Korupsi Tak Pernah Mati dalam Demokrasi




Oleh : Siti Hajar, S.Pd.SD
(Member Akademi Menulis Kreatif Regional Bima).

Ditetapkannya Imam Nahrawi sebagai tersangka kasus dugaan korupsi dana hibah komite olahraga nasional Indonesia (KONI) melalui kemenpora tahun anggaran 2018. Semakin menambah daftar panjang pejabat elit yang tersandung kasus korupsi dan harus merasakan pesakitan dibalik jeruji besi di negeri ini. Tidak tanggung-tanggung, Menteri yang berasal dari Partai Kebangkitan Bangsa (PKB) ini diduga kuat melakukan korupsi sebesar 26,5 milyar rupiah. Angka yang sangat fantastis untuk keadaan rakyat yang tengah sengsara menuai derita akibat kebijakan pemerintah yang tidak pro akan nasib rakyat. 

Tidak hanya Imam Nahrowi, rupanya Menteri agama Lukman Hakim Syaifuddin juga tengah gencar dibidik oleh KPK dan menurut Dewan Pembina Gerakan Rakyat Tolak Aktor Koruptor (Gertak) Frans Immanuel T Saragih, tengah mendesak KPK untuk menetapkan tersangka baru dalam dugaan kasus jual-beli jabatan dilingkup kementerian agama. Menteri agama Lukman Hakim Syaifuddin dinilai sudah sering disebut-sebut namanya dalam kasus suap jual-beli jabatan yang menyeret nama Romyharmuzi (warta.ekonomi.co.id) yang sebelumnya sudah menjadi tahanan KPK atas kasus korupsi pula.

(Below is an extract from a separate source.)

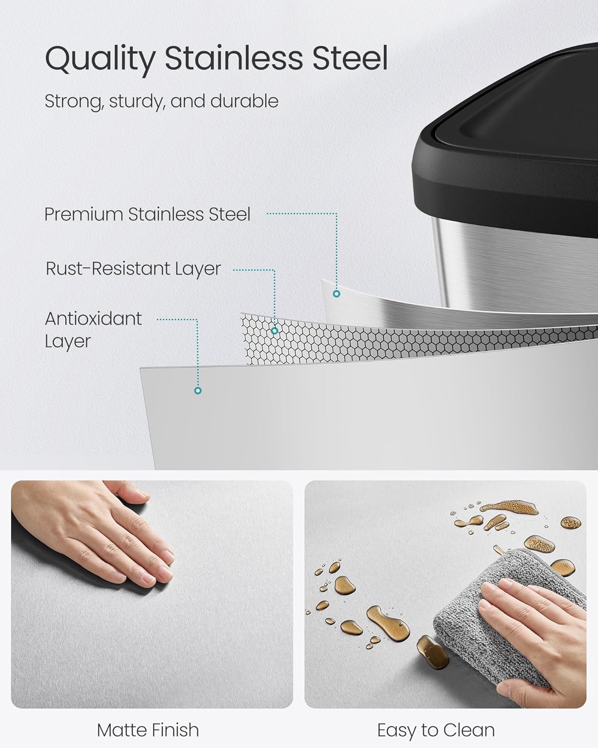• [Quality Stainless Steel] Made from stainless steel, this trash can is rust-resistant and easy to clean. It adds a stylish modern touch to any kitchen

Sebagaimana diketahui, para pejabat yang tersandung kasus korupsi tersebut merupakan pejabat elit yang bernaung pada Parpol islam dan berada dibarisan pendukung setiap kebijakan pemerintah. Mereka adalah para pejabat yang selalu menggaung-gaungkan "Saya Pancasila, NKRI Harga Mati, Katakan Tidak Pada Korupsi" dan lainnya. Namun masihkah ucapan mereka selaras dengan perbuatannya? Mereka juga adalah pejabat yang menentang perjuangan dakwah islam, anti terhadap penerapan syariat dan memfitnah para kyai, ulama, ustad dan pejuang yang mendakwah islam kaffah dengan fitnah keji, melabeli mereka cap Radikal, teroris dan anti pancasila. Namun pada kenyataannya merekalah sesungguhnya yang anti pancasila, penghianat UU dan amanah rakyat serta harus pesakitan dibalik jeruji besi. 

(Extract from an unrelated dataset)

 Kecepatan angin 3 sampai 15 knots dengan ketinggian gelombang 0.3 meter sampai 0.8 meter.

Sungguh ironi, jabatan yang seharusnya diemban dengan penuh amanah harus ternoda oleh keserakahan nafsu dunia. Silauan harta telah membuat mereka lupa, banyaknya kasus korupsi yang menjerat pejabat negara yang lain sebelumnya ternyata tidak membuat mereka jera dan mengambil pelajaran. Tidak heran memang dan tidak bisa dipungkiri korupsi dalam wadah demokrasi tumbuh subur bak jamur di musim hujan dan tak pernah mati. Pejabat negara terjerat korupsi terus berulang-ulang dan masif. Karena itu tidak ada jaminan bagi orang baik bahkan agamais yang berasal dari parpol islam akan selamat dari korupsi dalam sistem demokrasi. 

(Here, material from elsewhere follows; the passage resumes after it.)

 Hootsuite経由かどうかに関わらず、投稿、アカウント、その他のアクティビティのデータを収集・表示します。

Sudah menjadi rahasia umum jika dunia politik dalam sistem demokrasi membutuhkan dana yang besar untuk memuluskan tujuan untuk meraih jabatan dengan melacurkan diri pada politik transaksional yakni kepada para pemilik modal kapitalis. Maka ketika jabatan sudah ditampuk maka korupsi menjadi jalan pintas untuk mengembalikan modal yang telah dikerahkan. Selain itu, gaya hidup hedonis para pejabat dan keluarganya juga memicu terjadinya praktek korupsi, ditambah keimanan dan ketakwaan individu pejabat yang sangat lemah serta penegakan hukum yang lemah, tidak tegas apalagi memberi efek jera. Hukum tebang pilih tumpul ke atas tajam ke bawah kerap mewarnai peradilan hukum di negeri ini, sehingga rasa keadilan jauh panggang dari api.

Adanya rancangan peraturan yang membolehkan terpidana korupsi menikmati kebebasan misalnya berjalan-jalan ke mall. Parahnya lagi, bagi koruptor yang melakukan korupsi dalam skala kecil bakal tidak dipidanakan. Ini berbeda dengan perlakuan penegak hukum yang menghukum rakyat kecil bila melakukan pelanggaran hukum misalnya pencurian terhadap seekor ayam karena kelaparan langsung dihukum penjara minimal 2 - 5 tahun. Masih beruntung mereka meringkuk di tahanan bertahun-tahun jika pun meninggal karena digebuk oleh banyak massa, maka sudah nasib apes mereka. Inilah bukti kegagalan sistem demokrasi dalam mengatasi persoalan hukum di negeri ini dan maha kuasanya Allah menunjukkan makarnya terhadap orang-orang yang menentang syari'at-Nya. 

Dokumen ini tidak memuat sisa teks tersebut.